» **WORK TO COMPLETE**: Your task is to retype, exactly and without pictures, the line holding "K domu lze přistavět" and each line that follows it to the end of the entries.
═════ RECORDS SHOWN ═════
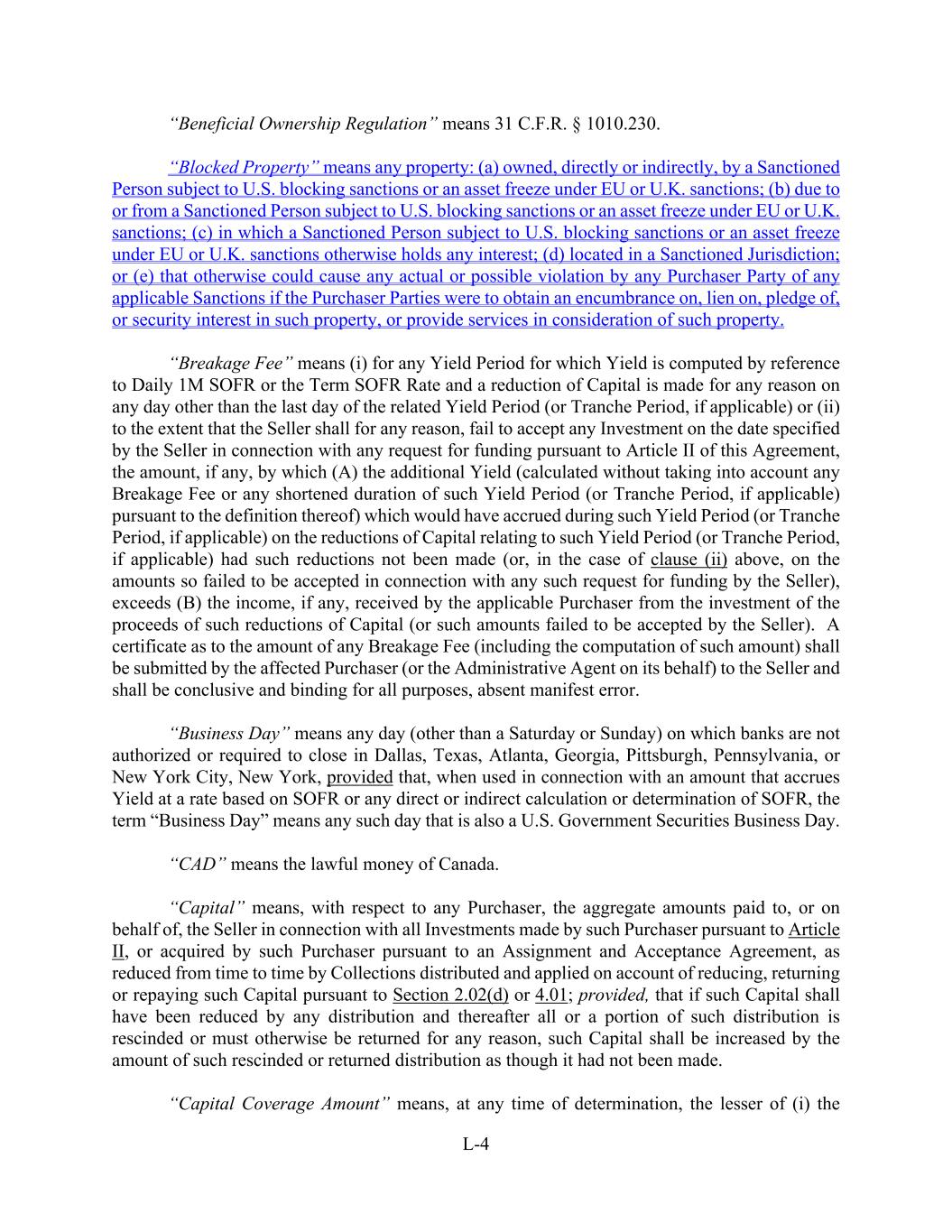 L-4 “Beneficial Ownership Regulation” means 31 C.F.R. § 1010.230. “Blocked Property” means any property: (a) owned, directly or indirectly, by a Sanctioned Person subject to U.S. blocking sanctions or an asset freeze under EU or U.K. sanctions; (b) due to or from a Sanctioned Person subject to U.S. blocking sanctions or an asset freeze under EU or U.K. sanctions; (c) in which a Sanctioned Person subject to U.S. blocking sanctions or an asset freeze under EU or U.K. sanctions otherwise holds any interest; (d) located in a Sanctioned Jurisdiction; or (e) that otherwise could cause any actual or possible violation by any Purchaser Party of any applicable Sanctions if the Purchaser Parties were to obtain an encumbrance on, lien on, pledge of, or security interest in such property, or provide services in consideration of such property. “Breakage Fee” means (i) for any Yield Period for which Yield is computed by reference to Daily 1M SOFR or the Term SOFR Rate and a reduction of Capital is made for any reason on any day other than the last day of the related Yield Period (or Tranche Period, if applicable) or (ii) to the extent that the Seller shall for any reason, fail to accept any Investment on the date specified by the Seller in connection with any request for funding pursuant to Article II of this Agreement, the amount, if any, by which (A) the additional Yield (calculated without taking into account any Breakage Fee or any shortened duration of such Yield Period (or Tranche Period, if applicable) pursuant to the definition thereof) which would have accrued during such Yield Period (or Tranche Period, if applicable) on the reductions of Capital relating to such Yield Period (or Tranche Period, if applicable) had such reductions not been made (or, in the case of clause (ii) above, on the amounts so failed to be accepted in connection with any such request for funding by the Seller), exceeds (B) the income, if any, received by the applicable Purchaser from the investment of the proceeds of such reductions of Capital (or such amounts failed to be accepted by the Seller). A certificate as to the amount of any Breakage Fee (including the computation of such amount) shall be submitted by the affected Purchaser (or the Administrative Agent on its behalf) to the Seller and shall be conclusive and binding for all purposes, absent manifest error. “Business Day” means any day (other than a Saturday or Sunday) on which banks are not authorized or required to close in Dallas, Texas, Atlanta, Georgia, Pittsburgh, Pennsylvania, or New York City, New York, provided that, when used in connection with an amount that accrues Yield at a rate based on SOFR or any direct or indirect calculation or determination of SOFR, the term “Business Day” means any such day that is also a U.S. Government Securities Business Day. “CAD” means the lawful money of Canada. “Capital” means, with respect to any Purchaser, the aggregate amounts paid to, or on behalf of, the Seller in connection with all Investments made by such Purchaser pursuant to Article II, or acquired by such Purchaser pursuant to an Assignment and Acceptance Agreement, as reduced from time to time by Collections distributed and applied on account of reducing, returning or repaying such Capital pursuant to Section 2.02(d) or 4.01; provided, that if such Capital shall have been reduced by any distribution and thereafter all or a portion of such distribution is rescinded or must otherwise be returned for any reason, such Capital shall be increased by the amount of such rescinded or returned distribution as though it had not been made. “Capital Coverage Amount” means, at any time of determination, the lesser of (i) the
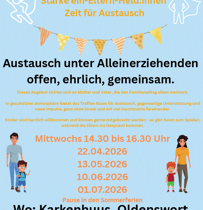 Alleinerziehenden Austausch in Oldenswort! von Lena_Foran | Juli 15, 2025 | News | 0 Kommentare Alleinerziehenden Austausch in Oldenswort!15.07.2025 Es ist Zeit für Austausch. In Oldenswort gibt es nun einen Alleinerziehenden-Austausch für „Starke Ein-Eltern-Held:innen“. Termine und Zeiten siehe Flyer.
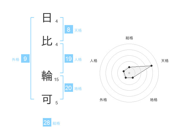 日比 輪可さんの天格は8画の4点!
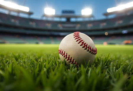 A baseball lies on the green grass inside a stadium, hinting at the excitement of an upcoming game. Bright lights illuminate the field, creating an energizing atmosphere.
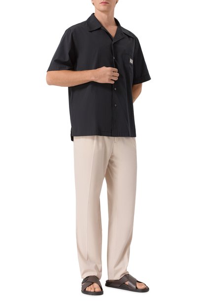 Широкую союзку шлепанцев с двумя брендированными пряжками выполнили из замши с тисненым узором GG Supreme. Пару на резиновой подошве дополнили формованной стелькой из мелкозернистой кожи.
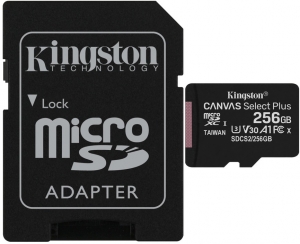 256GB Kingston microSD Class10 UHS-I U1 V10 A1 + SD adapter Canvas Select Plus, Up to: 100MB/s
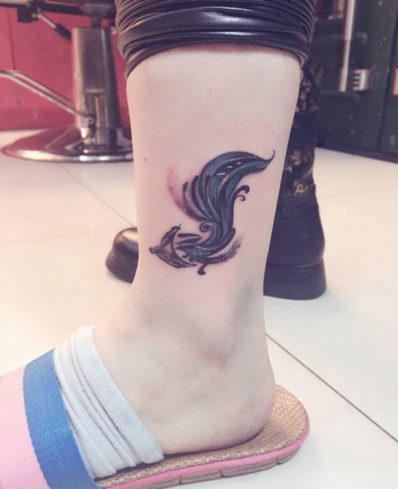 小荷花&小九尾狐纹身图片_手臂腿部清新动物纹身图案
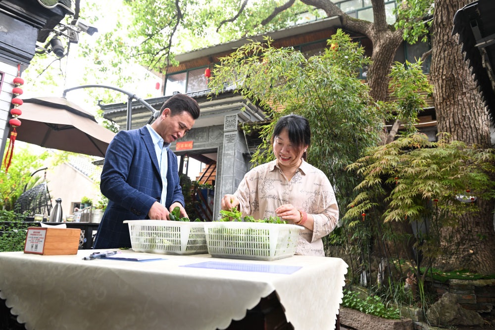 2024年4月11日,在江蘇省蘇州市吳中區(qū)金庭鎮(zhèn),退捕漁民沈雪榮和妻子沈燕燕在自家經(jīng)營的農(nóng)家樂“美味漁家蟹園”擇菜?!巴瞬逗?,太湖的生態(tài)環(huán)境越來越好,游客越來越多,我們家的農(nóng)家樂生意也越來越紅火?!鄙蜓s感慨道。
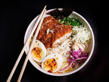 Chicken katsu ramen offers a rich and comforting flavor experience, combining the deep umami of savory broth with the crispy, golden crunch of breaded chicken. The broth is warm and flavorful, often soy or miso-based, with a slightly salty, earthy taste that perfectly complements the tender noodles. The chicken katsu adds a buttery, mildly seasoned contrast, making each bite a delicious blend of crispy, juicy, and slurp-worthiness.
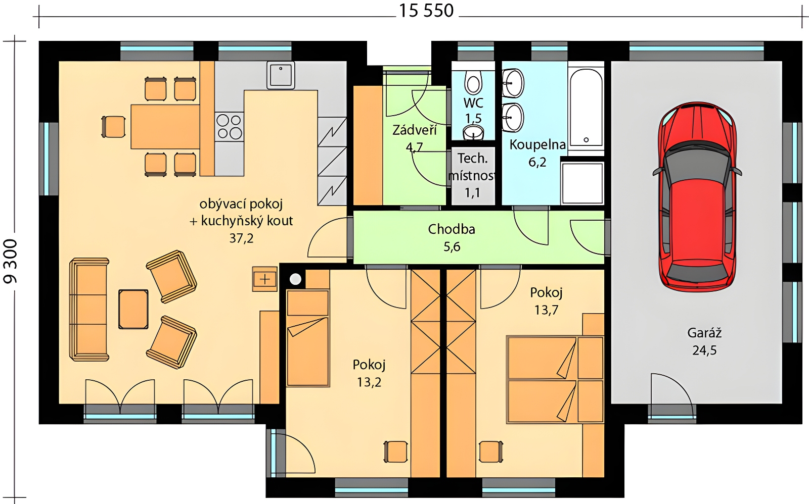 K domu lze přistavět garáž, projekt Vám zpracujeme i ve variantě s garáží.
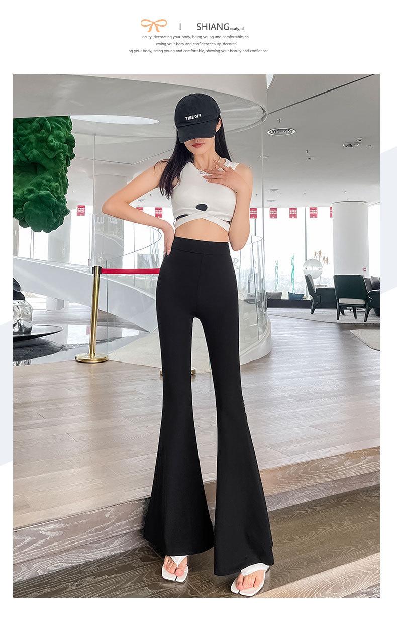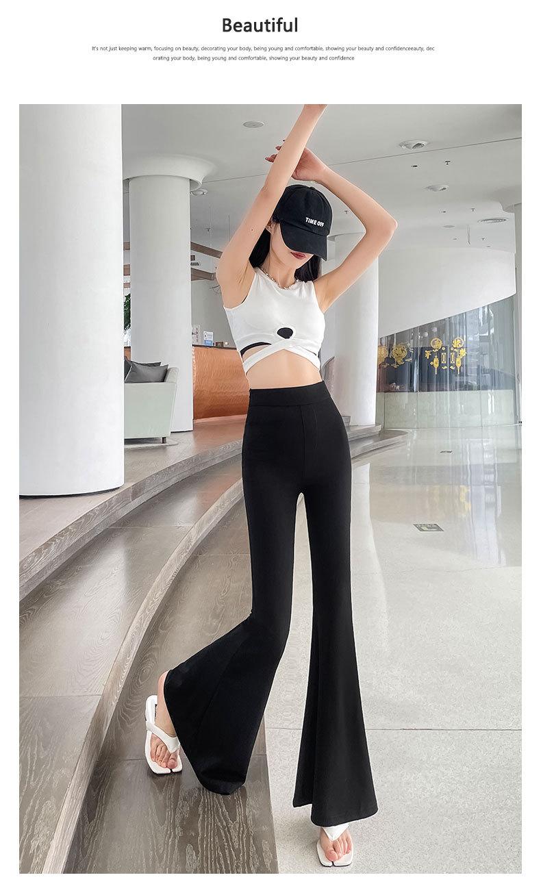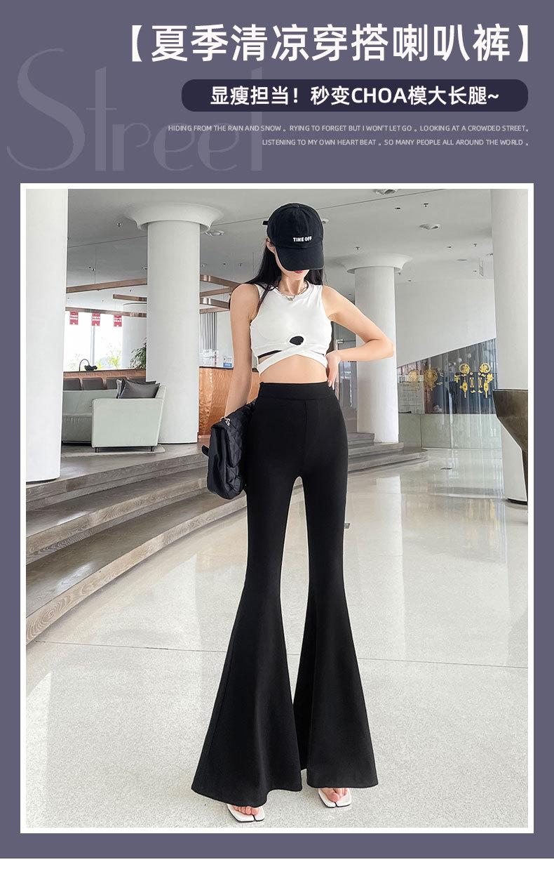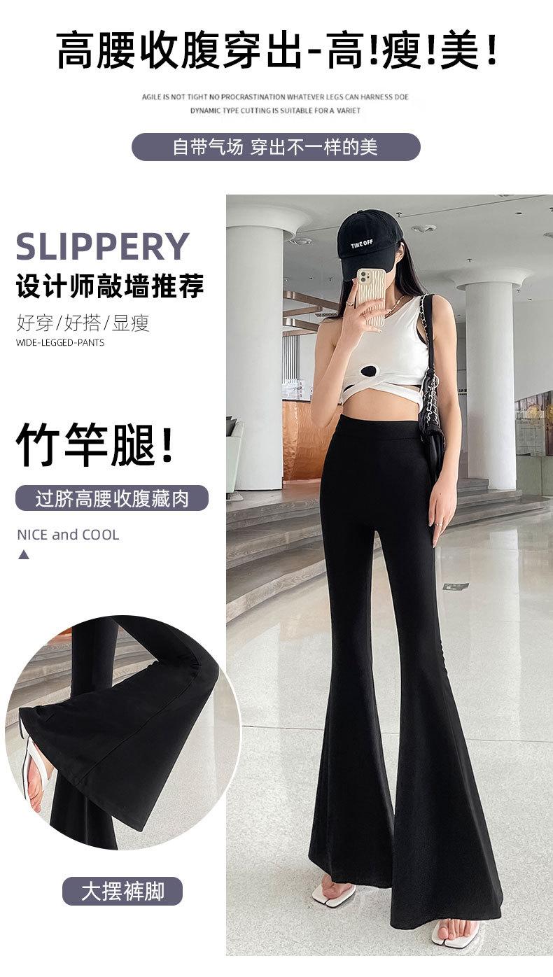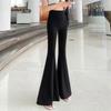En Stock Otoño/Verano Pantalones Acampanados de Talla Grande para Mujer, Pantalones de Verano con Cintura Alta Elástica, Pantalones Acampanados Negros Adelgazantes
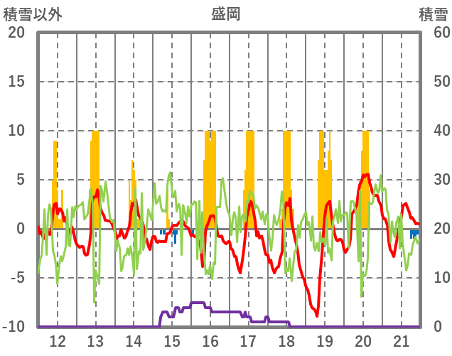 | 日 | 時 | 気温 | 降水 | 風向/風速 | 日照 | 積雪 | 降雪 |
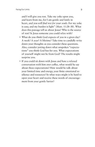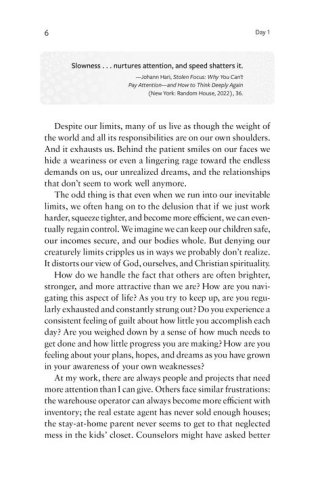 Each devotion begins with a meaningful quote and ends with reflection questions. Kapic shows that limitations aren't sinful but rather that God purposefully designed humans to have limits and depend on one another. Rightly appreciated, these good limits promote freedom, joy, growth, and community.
═════
» **RESULT**:
 K domu lze přistavět garáž, projekt Vám zpracujeme i ve variantě s garáží.
En Stock Otoño/Verano Pantalones Acampanados de Talla Grande para Mujer, Pantalones de Verano con Cintura Alta Elástica, Pantalones Acampanados Negros Adelgazantes
 | 日 | 時 | 気温 | 降水 | 風向/風速 | 日照 | 積雪 | 降雪 |
 Each devotion begins with a meaningful quote and ends with reflection questions. Kapic shows that limitations aren't sinful but rather that God purposefully designed humans to have limits and depend on one another. Rightly appreciated, these good limits promote freedom, joy, growth, and community.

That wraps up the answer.